Tesla’s humanoid strategy benefits from vertical integration, manufacturing infrastructure, and existing autonomy expertise. No other company can test humanoids inside factories at Tesla’s scale while simultaneously controlling battery systems, compute, actuators, and AI infrastructure.

The challenge is execution. Tesla repeatedly missed production targets for Optimus, and Musk acknowledged in early 2026 that the robots were not yet performing economically useful work inside Tesla facilities. China’s 2025 rare-earth export controls also exposed Tesla’s dependence on Chinese magnet supply chains.

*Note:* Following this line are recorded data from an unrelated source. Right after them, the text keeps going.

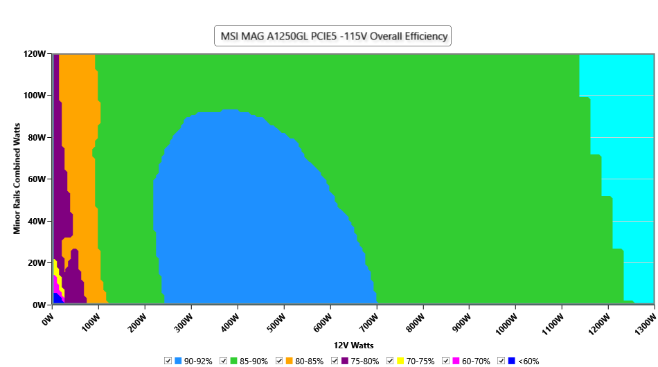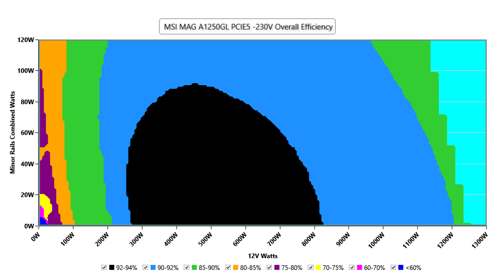 This graph depicts the PSU`s efficiency throughout its entire operational range. For the generation of the efficiency and noise graphs we set our loaders to auto mode through our custom-made software before trying thousands of possible load combinations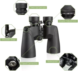 Водоустойчив. Призма на Поро. Увеличение: 7x. Диаметър на лещата на обектива: 50 mm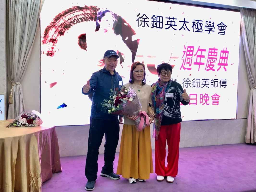 慶典晚會上,太極師傅施雄鵬(左起)、徐鈿英、潘慧君。

The long-term upside remains substantial if Tesla can scale production and reduce costs through manufacturing leverage. The risk is that timelines continue slipping while competitors close the software gap.

Agility Robotics

Agility currently has the strongest commercial position among Western humanoid companies. Its deployment with GXO Logistics represented the first recurring humanoid robotics-as-a-service contract with a major enterprise customer.

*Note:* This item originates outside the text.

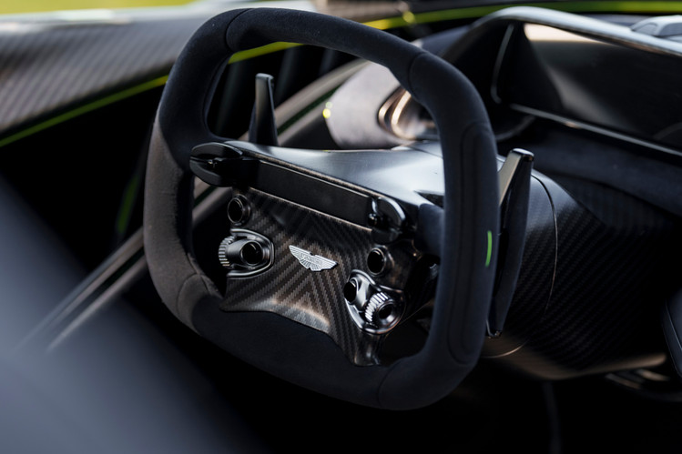 Valhalla cũng là siêu xe động cơ đặt giữa sản xuất hàng loạt đầu tiên của hãng được ra mắt ở cả hai phiên bản tay lái bên trái và bên phải, qua đó nâng tầm hơn nữa sức hấp dẫn của nó trên thị trường quốc tế. Không gian buồng lái đã được tăng lên so với Aston Martin Valkyrie, mặc dù vẫn còn nhiều dấu ấn lấy cảm hứng từ xe đua thể thao, chẳng hạn như thiết kế buồng lái lùi về phía sau với kiểu công thái học đơn giản, tập trung vào người lái. Một hệ thống Aston Martin HMI mới có màn hình cảm ứng trung tâm sẽ được tích hợp cả Apple CarPlay và Android Auto.

Unlike many competitors, Agility’s valuation remains tied more closely to demonstrated deployment rather than speculative consumer narratives. Digit is already operating in warehouses under real commercial agreements, and the company’s RoboFab facility provides a path toward scaled manufacturing.

Agility’s hardware design also appears less exposed to rare-earth supply constraints than many competitors. That became more relevant after China tightened export controls in 2025.

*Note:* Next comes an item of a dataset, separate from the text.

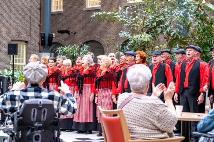 Het is altijd weer indrukwekkend om dit monumentale pand met zijn rijke historie te betreden. Vroeger diende het als opvang voor de arme, zorgvragende Amsterdammers, die moesten werken voor hun onderdak. Nu is het een liefdevolle plek geworden voor iedereen die zorg nodig heeft. De vroegere binnenplaats is met veel glas overdekt. Bij vorige optredens moesten bewoners, als de zon scheen, zelfs petjes dragen als bescherming. Vandaag is het koud en bewolkt, en geeft het vele glas de binnenplaats veel daglicht.

The company still faces the same reliability and deployment challenges as the broader sector, but it currently has the clearest bridge between pilot deployments and repeatable commercial revenue.

Apptronik

Apptronik has assembled one of the strongest strategic investor groups in the industry, including Google, Mercedes-Benz, and John Deere. The company’s partnership with Google DeepMind is particularly important because it ties Apollo directly into one of the strongest AI research ecosystems in robotics.

Apollo is positioned as a general-purpose industrial humanoid rather than a single-use platform. Management has also been more restrained than many peers regarding deployment claims. The company acknowledged publicly in 2025 that most customer relationships remained in pilot stages.

That realism is useful. Apptronik may ultimately emerge as one of the stronger industrial platforms, but the company is still earlier in commercialization than current funding levels imply.

Boston Dynamics

Boston Dynamics remains the technical benchmark for locomotion and robotics engineering. Atlas benefits from decades of bipedal robotics research and one of the deepest technical teams in the industry.

Commercially, however, Boston Dynamics is still early. Most near-term Atlas deployments remain internal to Hyundai or tied to strategic research partnerships. Existing Spot and Stretch revenue help support development, but Atlas itself has not yet demonstrated scaled enterprise economics.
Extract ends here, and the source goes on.